Курсистка Наталья Федоровна, с темным, болезненным лицом, страдальчески морщится.
– Ну, мама, будет!
Но Анна Петровна безудержно сыплет:
– Вот, скотник Петр. Три недели лошадей не распутывал, лошади все ноги себе протерли. Скотину домой гонит за два часа до заката, кнутом хлещет. Стадо мчится, как с пожара, половина овец хромая – лошади подавили. А прогнать скотника нельзя, – "где я другого найду?"
– Ну да, – где я другого найду? Нет народа!
– Свет не клином сошелся. Можно пока поденно взять.
Федор Федорович наливается темной кровью, на лбу вспухают синие жилы.
– Поденно!.. Умное слово услышал!.. Поденно!..
Он, шатаясь, поднимается и поспешно уходит в кабинет. Анна Петровна ему вслед:
– Вот, когда правду заговорят, – сейчас же бежит!
– Да будет тебе, мама! Ну что это! Противно слушать.
– Не слушай, пожалуйста!
– Ведь опять у него кровь прилила к голове.
Лнна Петровна осекается. Она сидит молча, подергивает плечами, без нужды передвигает тарелки. Потом говорит:
– Пойди, Боря, посмотри, не нужно ли чего отцу… Да вот творожники отнеси ему – ушел от третьего.
– Сказал, – не хочет.
Изо дня в день так. О чем ни заговорят, – вдруг из разговора высовываются острые крючочки, цепляются, колются. Ссоры, дрязги, попреки. Мой ученик Боря – славный мальчик, наедине с ним приятно быть. Но когда они вместе, – все звучат в один раздраженно злой, осиный тон.
Весна в разгаре.
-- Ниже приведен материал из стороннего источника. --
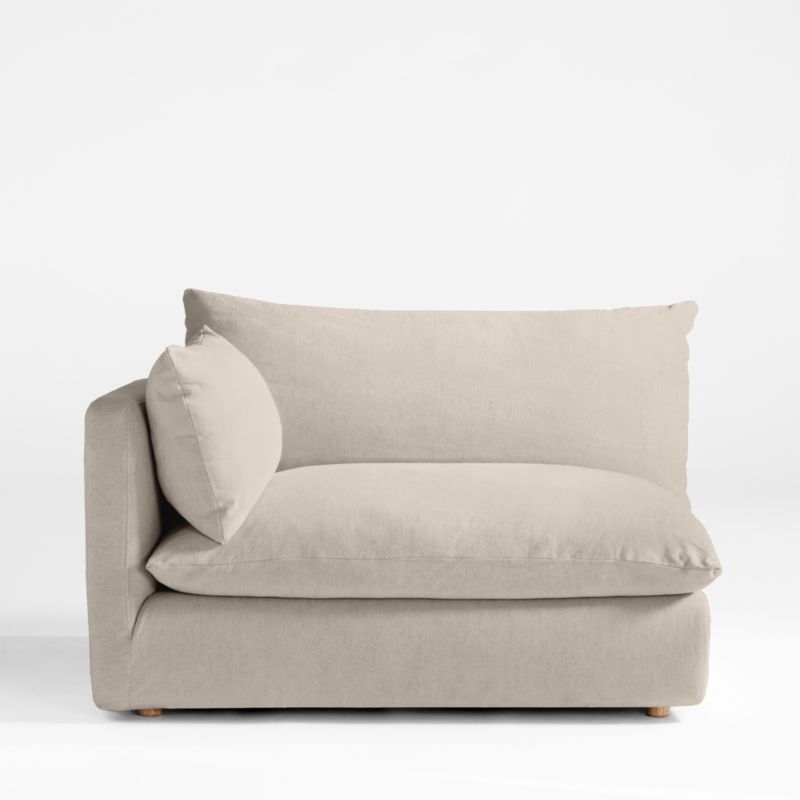 It's time to Unwind with our coastal-cool slipcovered sectional collection. Named after our favorite thing to do, this modern beauty delivers with sumptuous sink-in cushions and relaxing proportions. Designed to coordinate with other Unwind sectional pieces, the left-arm slipcovered chair features a slim arm and low deck that make room for pillowy back and seat cushions for an exceptionally deep and comfortable sit. We love the natural feel and slubby texture of the slipcovers, made of a breezy blend of cotton, linen and viscose yarns.
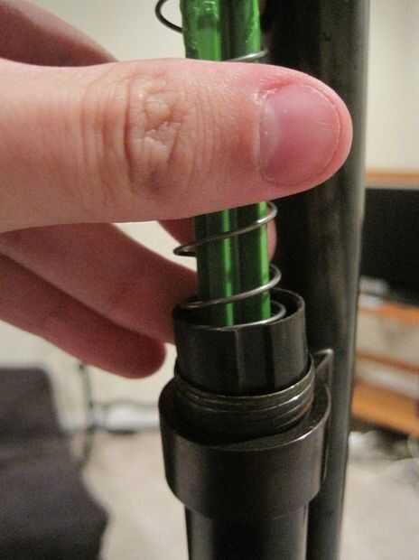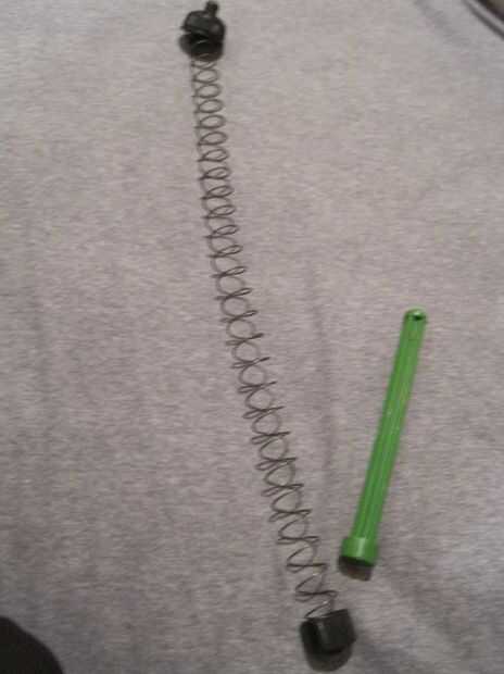 Una vez fuera de la tapa, saque el resorte y la parte inferior pedazo tapa de retención. Temporalmente eliminar la pieza de fondo y el enchufe en el resorte de la alimentación. Vuelva a colocar la pieza de abajo y ya estás listo para armar todo nuevo. Vuelva a colocar todo en el tubo.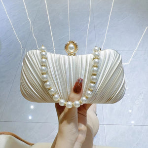 Elegant Women Pleated Satin Handbags with Pearl Handle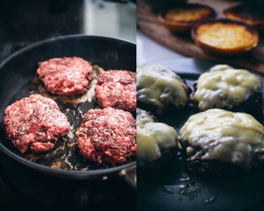 In a large frying pan, melt about 2 tablespoons butter over high heat. Add the patties and cook for about 3 minutes per side, flipping once until your ideal doneness. Place 2 to 3 slices of cheese on each patty during the last minute of cooking and cover with a lid until the cheese melts. While the patties are cooking, you can fry the bacon until crispy and toast the buns in a separate pan with some butter.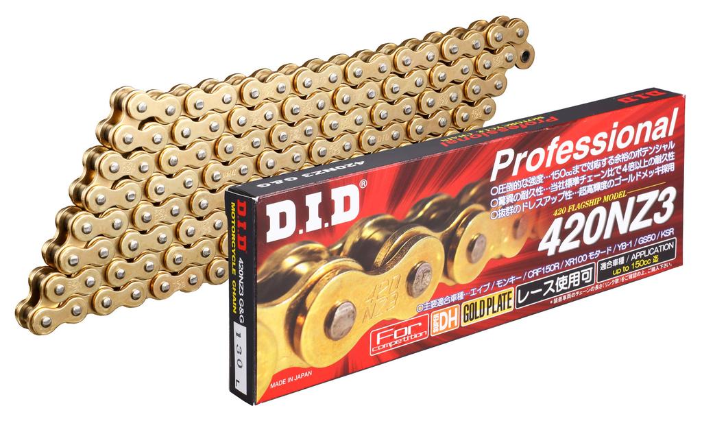 D.I.D 420NZ3-138RB G&G (Золото) Мотоциклетная цепь, в комплекте замок-клипса, обработка штифтов SDH, для мотоциклов

Воздух поет, стрекочет, жужжит. Цветет сирень. И державно плывет над землею солнце.
Но душа на все смотрит как из глубокой черной дыры. Далеко где-то звенят ласточки. Равнодушно проходят цветы – распускаются, теряют уборы… И сирень уже закоричневела, сморщилась. А я все собирался почувствовать ее. Ну, все равно.
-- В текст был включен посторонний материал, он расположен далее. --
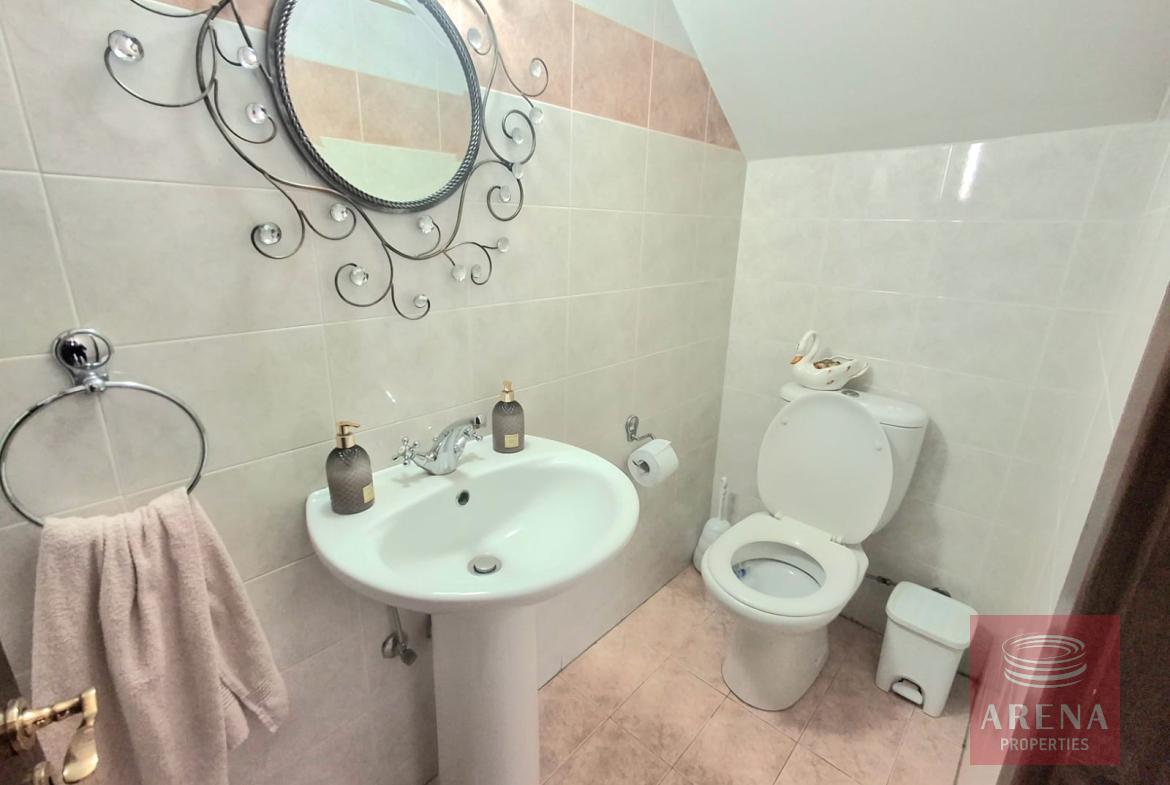 Spacious Layout: 255 sqm internal area on a generous 400 sqm plot. Bedrooms: 5 spacious bedrooms, ideal for large families or those needing extra space. Bathrooms: 4 bathrooms, including 2 ensuite, 1 main bathroom, and 1 guest toilet. Living Spaces: Two expansive living areas, perfect for entertaining or relaxing. Outdoor Areas: 21 sqm covered veranda and 10 sqm covered balconies connected to bedrooms. Year Built: Constructed in 2003 and exceptionally well-maintained, with fresh paintwork completed in December 2024. Quality Finishes: High-quality materials throughout, double-glazed windows, and elegant curtains.

Я ничего не читаю и не хочу думать. Довольно играть мячиками-мыслями. Второстепенное мне теперь совсем не интересно – все эти параллаксы Сириусов и тактика кадетов. А в самом важном, что так необходимо для жизни, – тут цену исканиям мысли я знаю. Мячики, которые подсовывает Хозяин. Не хочу.
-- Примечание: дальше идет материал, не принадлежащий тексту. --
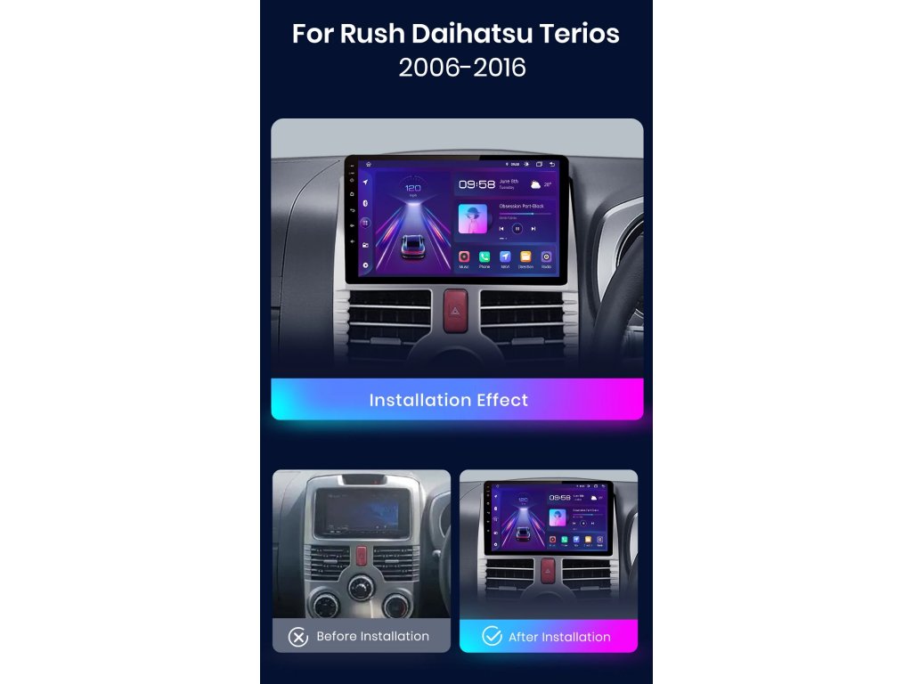Velmi jednoduchá montáž, autorádio je s rámečkem a veškerou kabeláží pro snadné zapojení pro Toyota Rush DAIHATSU TERIOS 2006

И странно мне смотреть на Наталью Федоровну. Сутулая, с желто-темным лицом. Через бегающие глаза из глубины смотрит растерянная, съежившаяся печаль, не ведающая своих истоков. И всегда под мышкой у нее огромная книга "Критика отвлеченных начал" Владимира Соловьева. Сидит у себя до двух, до трех часов ночи; согнувшись крючком, впивается в книгу. Часто лежит с мигренями. Отдышится – и опять в книгу. Сосет, сосет, и думает – что-нибудь высосет.
Живет здесь еще жена старшего их сына-чиновника, Агриппина Алексеевна. Молодая, очень полная, всегда в тугом корсете; сильно скучает в деревне. У нее мальчик Воля. Вечно он ноет и капризничает; с воскового, спавшегося личика смотрят алые глаза. Какой-то кишечный катар у него. Агриппина Алексеевна ставит ему клизмочки и готовит кашки.
Кругом все разрушается. Амбары покосились, крыша риги провисла. Старенький старичок Степан Рытов ведет на поводу слепого мерина, запряженного в бочку, и шамкающим голосом повторяет:
– Тпру!.. Тпру!..
По запущенному саду ходит, еле двигая ногами, дряхлый жеребец. Вокруг глаз большие седые круги, как будто очки. На ночь его часто оставляют в саду. Он неподвижно стоит, широко расставив ноги, с бессильно-отвисшей губой. И в лунные ночи кажется, – вот призрак умирающей здесь жизни.
А иногда другой является призрак. Приходит из деревни пьяный Гаврила Мохначев. Огромный, лохматый и оборванный, он бродит по саду, шагая через кусты и грядки, бродит под балконом. Грозит кулаком на окна и зловеще трясет головой.
– У-у, дармоеды проклятые! Настроили хором… Погодите, дайте срок!..
Зато сегодня вечером увижу Катру.
Имение ее матери в пяти верстах от Сеянова, где я. Мать – сухая, энергичная дама с хищными, торгашескими глазами. Она сама управляет имениями, носится в платочке по амбарам и скотным дворам. Копит, копит для Катры и совсем не интересуется, как и чем она живет.
Катра властвует. Ее три комнаты – изящная сказка, перенесенная в старинный помещичий дом. Под окнами огромные цветники, как будто эскадроны цветов внезапно остановились в стремительном беге и вспыхнули цветными, душистыми огнями. Бельведер на крыше как башня, с винтовой лестничкой. Там мы скрыты от всего мира.